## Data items

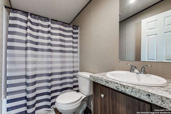 Welcome to a stunning 1.52 acre retreat nestled on a gentle hill in the rolling Texas countryside. This NEW build double wide manufactured home with new septic system, spanning 1264sf boasts a modern open concept design with three spacious bedrooms and two full bathrooms perfect for comfortable family living with serene escapes and plenty of parking for friends and family. Step in to discover high quality finishes with appliances included, ample natural light from double pane windows, and durable low maintenance flooring ideal for everyday life. The expansive acreage invites endless possibilities for a dream garden, entertaining, or the peace and privacy from rural life. Easy access to highways 1604 and 16. Located between Somerset and Poteet, in Von Ormy. Come take a look and enjoy the sunset. Please very all information and measurements on this listing.
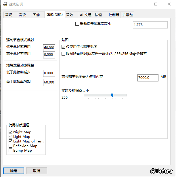 那个高分辨率贴图填太多了。。。7000mb改成0mb即可,越小越好
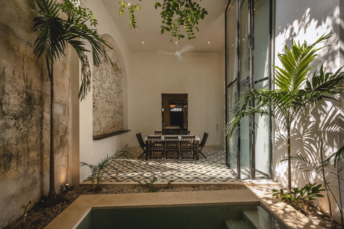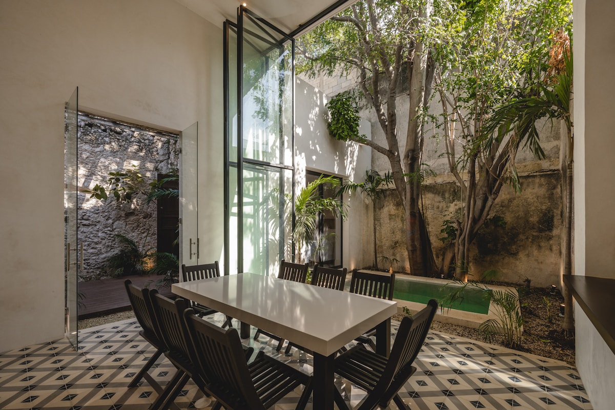 Ubicada en centro histórico, esta casa ofrece estilo y comodidades, así como un fácil acceso a la cultura por la que Mérida es conocida. Pase días relajándose junto a la piscina o utilice nuestro servicio de conductor para días de playa, visitando pueblos o ruinas antiguas. Experimente la vibrante vida nocturna local o cene con nuestra experiencia de chef privado. Café, restaurantes y el mercado local a menos de una cuadra de distancia.
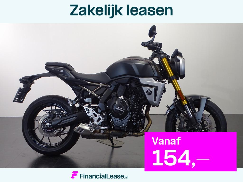 Suzuki gsx gsx-8t nieuw: ja modeljaar: 2025 kleur: mat black vermogen: 61 kw (83 pk) gvw: 201 kg fabrieksgarantie: 72 maanden leaseprijs: vanaf € 154 p/m (financial lease, 72 maanden); informeer
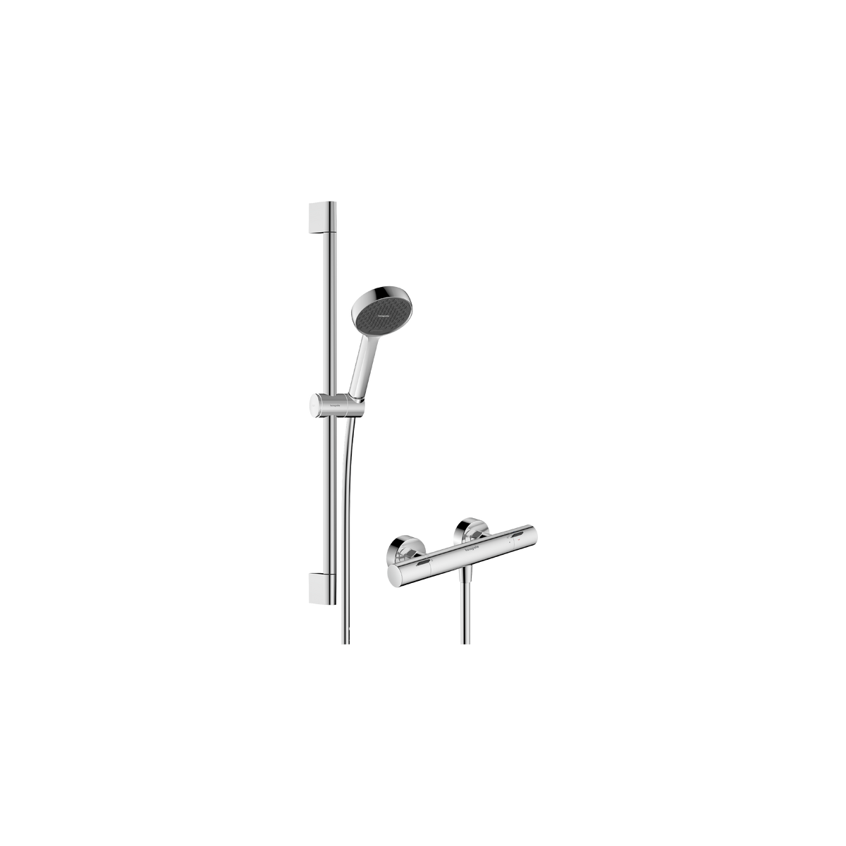 Hansgrohe Activera Select S dušo sistema (28876000) – pilnas sprendimas vonios dušui, įskaitant termostatinį maišytuvą Ecostat Fine, rankinį dušą su dviem srovės režimais (Rain ir ImpactRain), 65 cm dušo stovu ir žarna. EcoSmart technologija sumažina vandens suvartojimą iki 8 l/min be komforto praradimo, o QuickClean+ purkštukai leidžia lengvai pašalinti kalkių nuosėdas. Integruotas termostatas palaiko pastovią temperatūrą, o Select mygtukas leidžia patogiai keisti srovės režimus. Chromuota apdaila suteikia modernią išvaizdą ir atsparumą drėgmei.

## What you will do
From the records above, return exactly the lines running from the one that contains "那个高分辨率贴图填太多了。。。7000mb改成0mb即可,越小越好" down to the one that contains "Suzuki gsx gsx-8t", both included, without any pictures.

## Solution for this problem
 那个高分辨率贴图填太多了。。。7000mb改成0mb即可,越小越好
 Ubicada en centro histórico, esta casa ofrece estilo y comodidades, así como un fácil acceso a la cultura por la que Mérida es conocida. Pase días relajándose junto a la piscina o utilice nuestro servicio de conductor para días de playa, visitando pueblos o ruinas antiguas. Experimente la vibrante vida nocturna local o cene con nuestra experiencia de chef privado. Café, restaurantes y el mercado local a menos de una cuadra de distancia.
 Suzuki gsx gsx-8t nieuw: ja modeljaar: 2025 kleur: mat black vermogen: 61 kw (83 pk) gvw: 201 kg fabrieksgarantie: 72 maanden leaseprijs: vanaf € 154 p/m (financial lease, 72 maanden); informeer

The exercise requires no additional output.